A linear actuator ball spline device,
A spline shaft and a moving body,
The spline shaft is an elongated structure extending in one direction, and this extending direction is defined as the axial direction. A plurality of rolling grooves extending in the axial direction are formed on the surface of the spline shaft. Provided,
The moving body includes a main body, two rotors, and a plurality of rolling elements,
The main body has a through hole set with the spline shaft, and an inner edge surface of the through hole has a rolling tank corresponding to the rolling groove, and the rolling groove and the rolling tank have one load. There is a mounting hole at each end of the through-hole, and the diameter of the mounting hole is larger than the diameter of the through-hole and both communicate with each other. There is a circulation hole installed opposite to the rolling tank and parallel to the rolling tank, both ends of the circulation hole communicate with the mounting hole, and the cross section of the circulation hole is circular,
The two rotors are housed in the two mounting holes, respectively, and the rotor has a circulation channel facing the rolling tank, the contour of the circulation channel is U-shaped, and both ends thereof are respectively Connected to the load passage and the circulation hole to constitute one circulation passage,
The plurality of rolling elements are installed in the circulation passage,
The circular flow path is divided into four parts, and the four parts are connected in order to become a rising part, a first rotating part, a second rotating part, and a connecting part, and the width is larger than the diameter of the rolling element.
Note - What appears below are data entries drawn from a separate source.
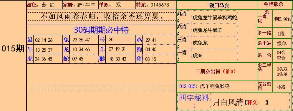 015期单双中特【家禽+虎猪羊龙】?00 |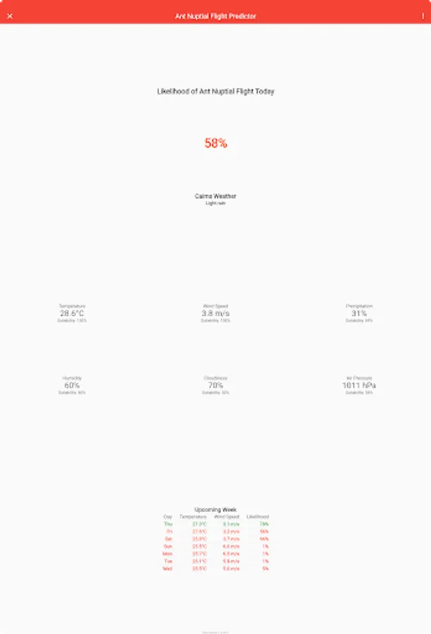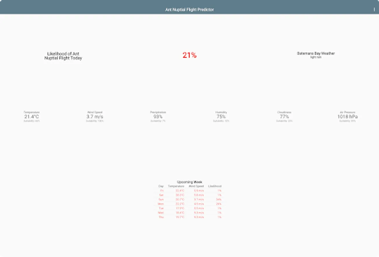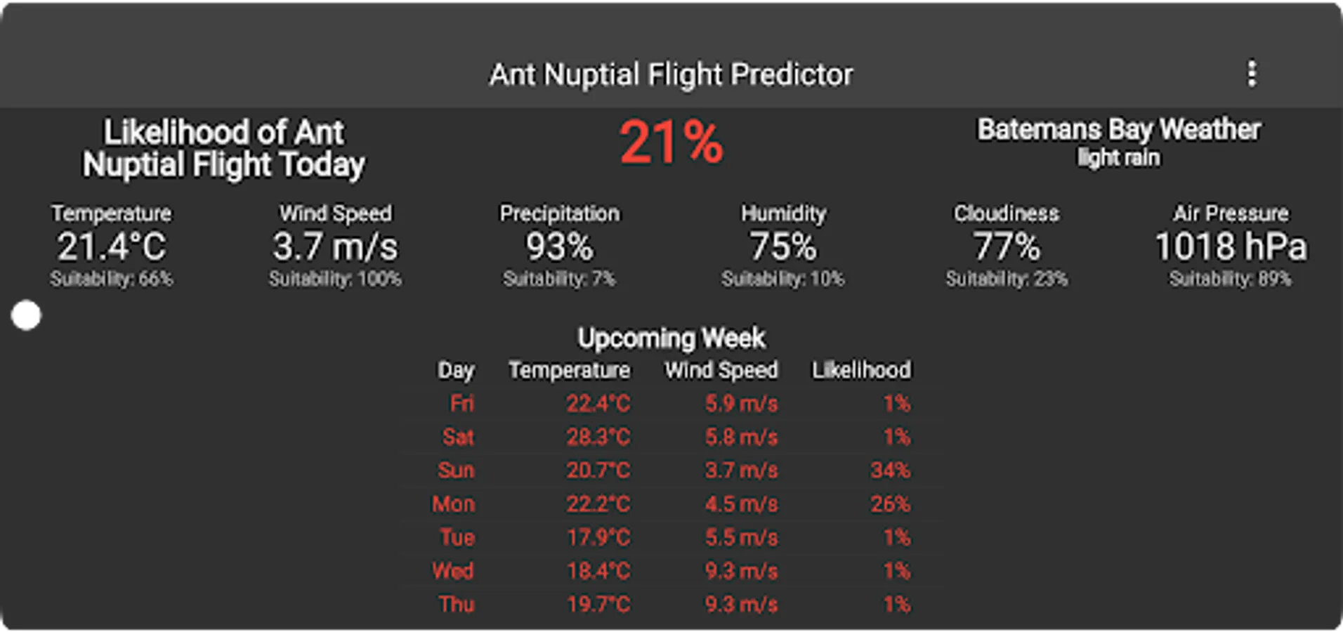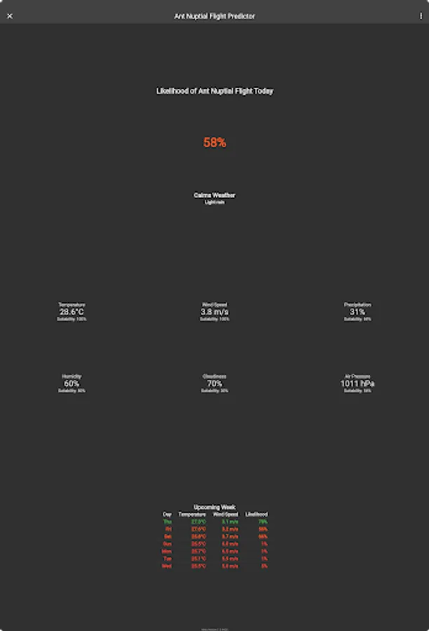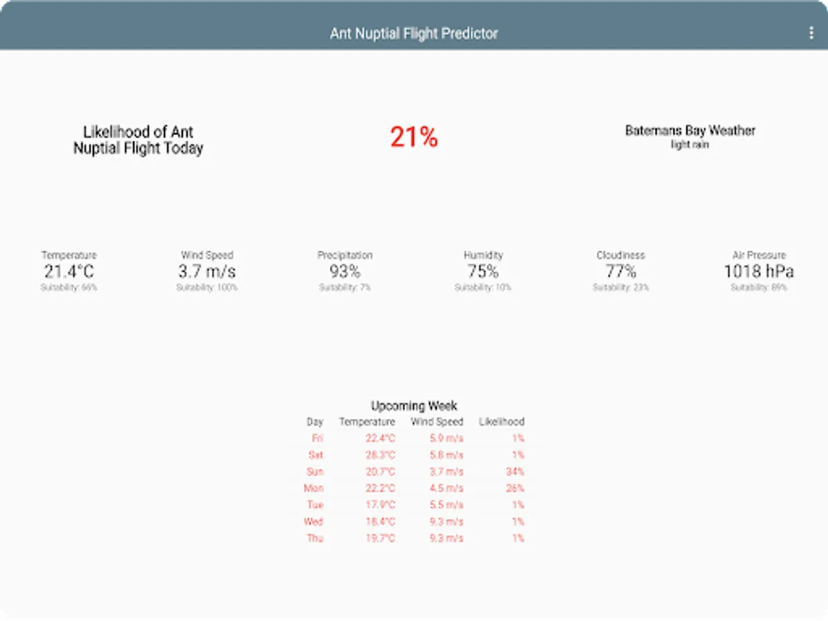 Ant Nuptial Flight Predictor downloads the weather in your current location and gives you the rough likelihood that queen ants are flying near you today and for the next week. When the percentage is high, time to get outside and looking for ants in your local area!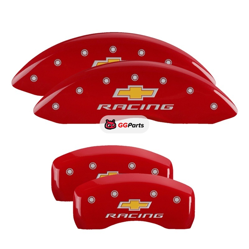 MGP 4 Caliper Covers Engraved Front & Rear Chevy racing Red finish silver ch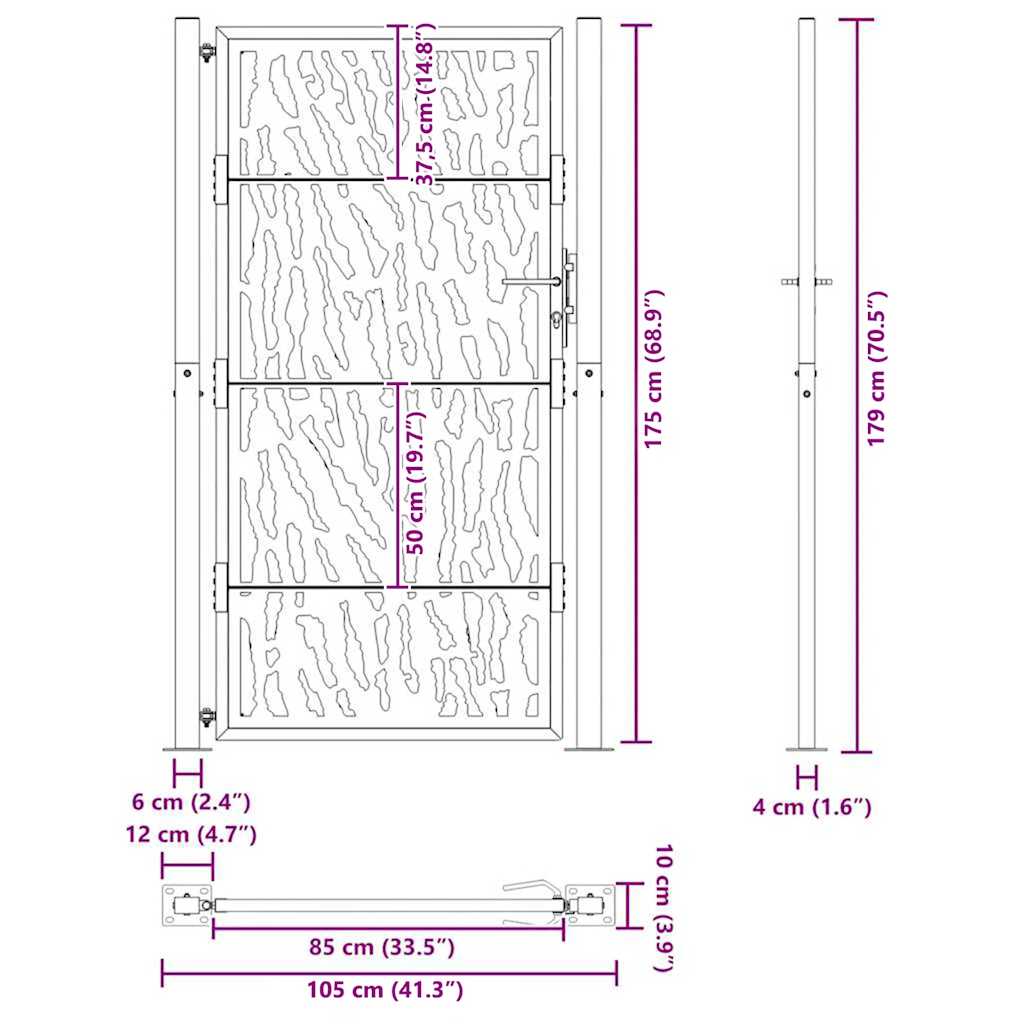 Cancello da giardino 100x175 cm in acciaio corten con design a traccia 4100987
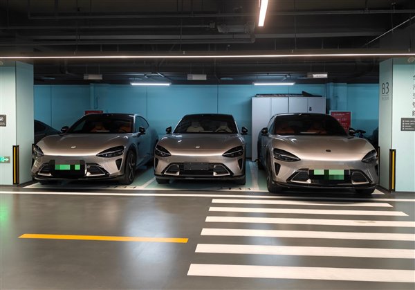 从图中来看,三款钛金属色的小米YU7并排停车三个相邻的车位上,不仅外观、颜色完全一致,连轮毂也基本一样,堪称“复制粘贴”。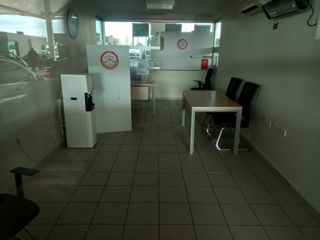 TÜRKİYE'de 14 Mayıs'ta yapılacak Cumhurbaşkanı ve milletvekilliği seçimlerinde yurt dışı seçmen kütüğüne kayıtlı kişilerin oy kullanacağı sınır kapılarında sandıklar kuruldu, hazırlıklar tamamlan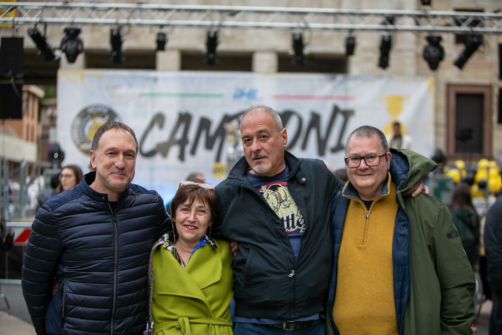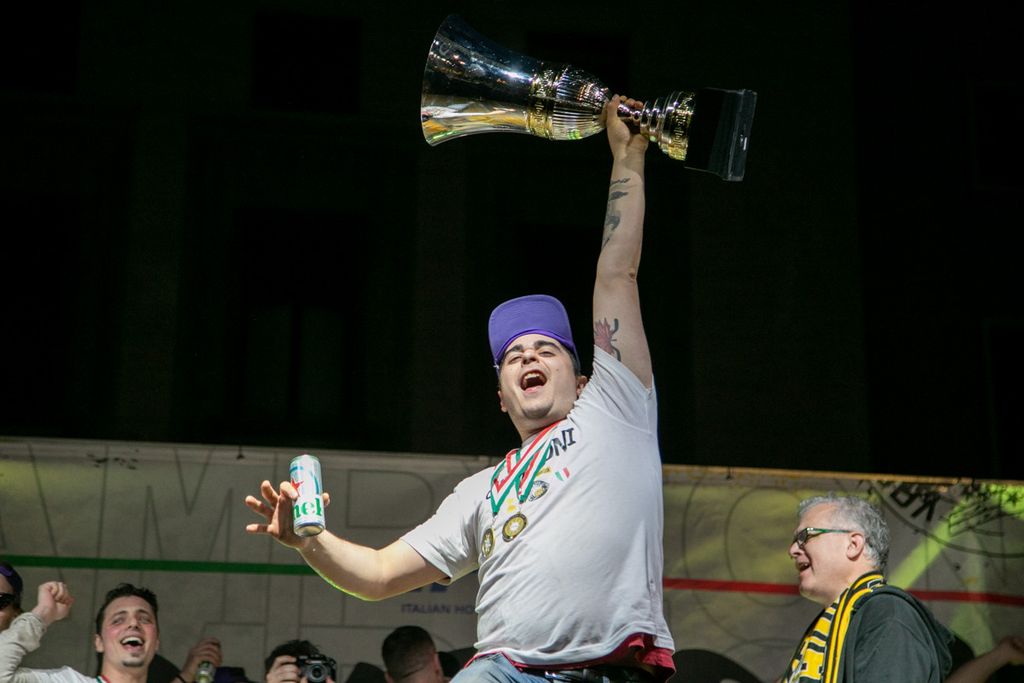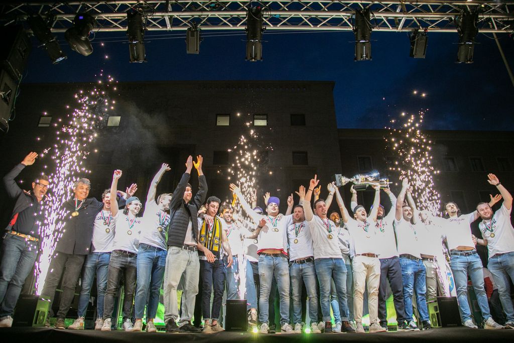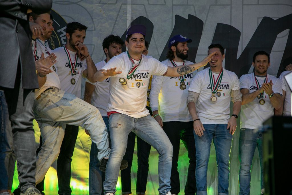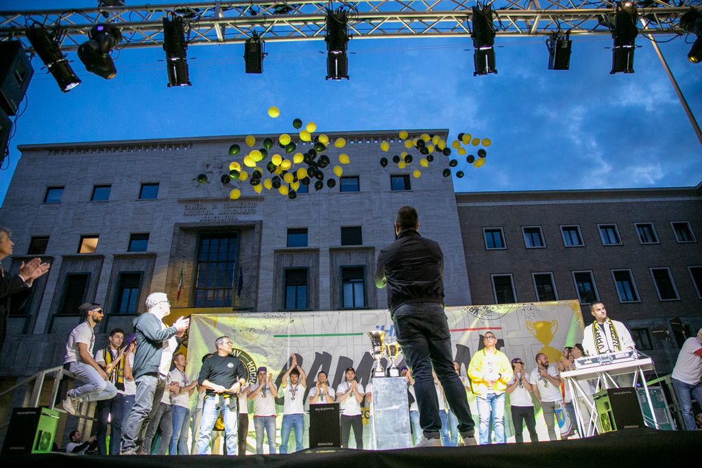 I re del campionato e della Coppa Italia si presentano pochi minuti prima delle 20, accolti dal tripudio della gente. A uno a uno, dal paratutto Rocco Perla a Daniele Odoni, passando per coach Claude Devèze e il presidente Carlo Bino, salgono sul palco, in un momento di grande emozione che però è solo un antipasto. A un certo punto si alzano infatti in volo i palloncini gialloneri per l’Arcobaleno di Nichi, per Erika Gibellini, per Tommaso Teruggia e, ovviamente, per Marco Fiori, rispettando la promessa di inizio campionato. E così, l’urlo “campioni campioni” è arrivato anche al cielo, dove in effetti doveva arrivare.

Large linear actuator and ball spline device. The rising part with a portion is accommodated in the rolling groove, have a rise length a constant rise height, the elevated altitude less than increased length, and, the rising length of the rolling body or 0.25 times the diameter, and wherein said more than 0.5 times the diameter of the rolling body, the linear actuator ball spline device according to claim 1. Wherein and the second rotating portion and the first rotating portion to constitute one of the rotating portion, the radius of the inner contour of the rotating parts or 0.5 times the diameter of the rolling element, and less than or equal to the diameter of the rolling element The linear actuator / ball spline device according to claim 1, wherein   As seen from the axial direction of the first rotating part and the second rotating part, the contours of the bottoms of the first rotating part and the second rotating part are configured such that the first arc part and the second arc part are in contact with each other. The first arc part and the second arc part have different circle centers, and the length of the first arc part is greater than 0.5 times the length of the second arc part, and the length of the second arc part. 2. The linear actuator ball spline device according to claim 1, wherein the radius of the first arc portion is smaller than 0.8 times, and the radius of the first arc portion is smaller than the radius of the second arc portion.